I look at it this way.

Readers read. So they're looking for a new read according to their own cycle.

A lot of readers read a book a day.

I release a book roughly every 8-10 weeks. So say 60 days. My book comes out today, and people buy it because they want their next fix of my universe. Tomorrow they buy or read something else. For the next 58 days after, they buy or read something else.

Now if today they've already bought some other book when they find out mine is out there, they'll buy it tomorrow. Or next week. But they will buy it sometime in the near future, within that 60 days before the next one.

The point is though, for each person who buys my book today, for the next 59 days they will buy someone else's book.

So my biggest fans, are still shared among 60 authors. But it isn't 60 authors, because each fan will buy from different authors. It might be 600.

There is no pie. There is no competition.

Its a lake, and the lake is huge, and getting bigger. But the trick is not to settle to the bottom, but to float somewhere near the top, where those looking for their next read between the releases of the authors they always buy, can find you.

Pricing is only one aspect of it.
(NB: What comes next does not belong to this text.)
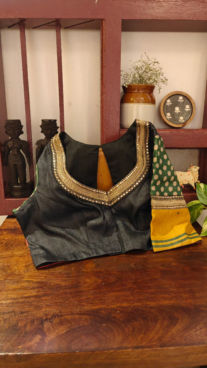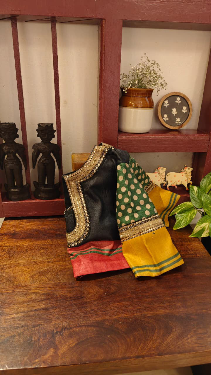 A pure Ganga Jamuna tussar silk in charcoal, red, and green, brought alive with pittan embroidery in antique shades of gold. Vintage detailing, hand-worked textures, and a colour play that feels timeless. A Svasa classic.
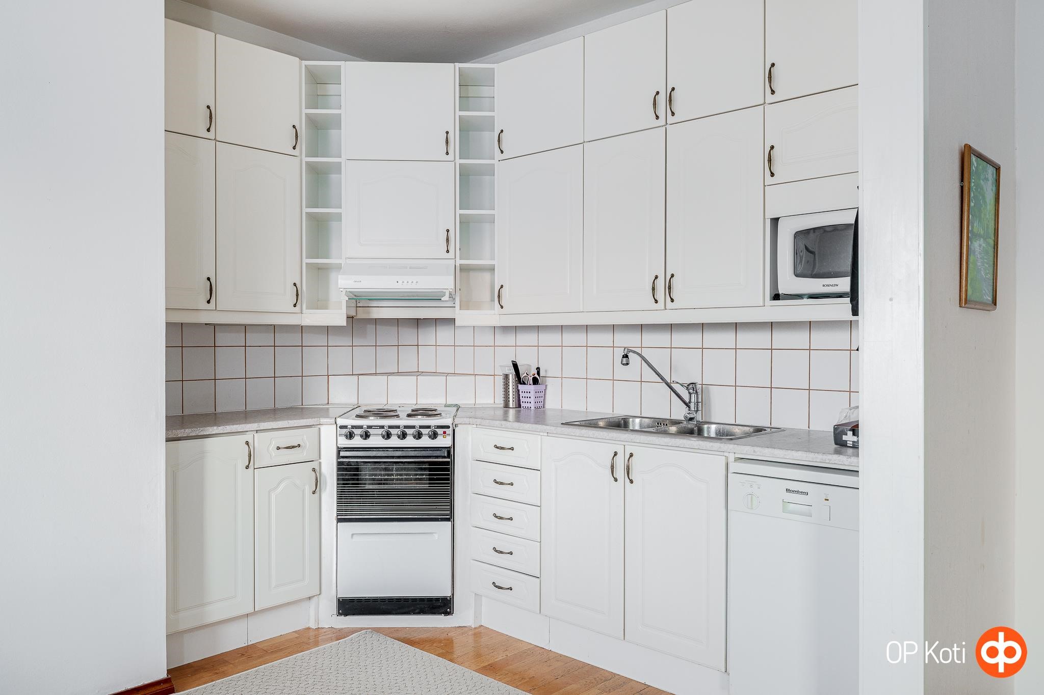 - Jääkaappipakastin, sähköliesi, liesituuletin, astianpesukone, kaapistot valkeat mdf-pintaiset ovet, kiinteät valaisimet.

The fact Trads have no idea how to use keywords to get into additional categories is another.

If Trads bring their prices down to 4.99, it means people who buy trad books will suddenly be able to buy 2 or 3 books with the same money they spend now for each book, and suddenly the price point isn't there, so they'll start looking at Indie books without even knowing they are Indie books.

Knock the high price points out of the market, and suddenly there is a lot of spare cash out there to buy even more books with.